Schnelligkeit ist kein Luxus, sondern Ihr erster Eindruck

Ihre Ladezeit ist das Erste, was ein Kunde von Ihnen erlebt, noch vor dem ersten Bild und dem ersten Wort. Wenn die Seite hängt, hängt für den Kunden auch der Eindruck von Ihrem Betrieb. Die gute Nachricht: Die wirksamsten Hebel sind keine Hexerei. Bilder verkleinern, Lazy Loading einschalten, unnötige Skripte rauswerfen und ein ordentliches Hosting wählen bringt Sie schon sehr weit.

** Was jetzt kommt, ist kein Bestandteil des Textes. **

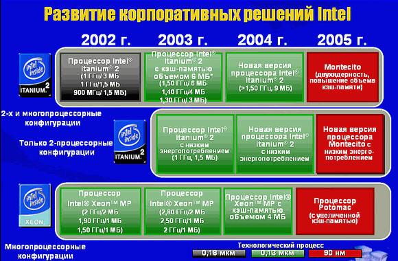 Почему именно сейчас ожидаются такие серьезные перемены? Во-первых, процессоры семейства Itanium, образно выражаясь, прошли свой «нулевой цикл» от ядра Merced. Теперь это надежные чипы с объмом кэша L3 до 6 МБ, изготавливаемые по наиболее современному техпроцессу, 0,13 мкм, благодаря чему удалось не только поднять тактовые частоты, но также существенно снизить энергопотребление систем.

Wichtig ist nur, dass Sie dranbleiben. Eine Seite ist nicht einmal schnell und dann für immer. Jedes neue Plugin und jedes frisch hochgeladene Foto kann die Sekunden wieder kosten. Wer das im Blick behält, sorgt dafür, dass aus dem Suchenden am Handy auch wirklich ein Anruf wird.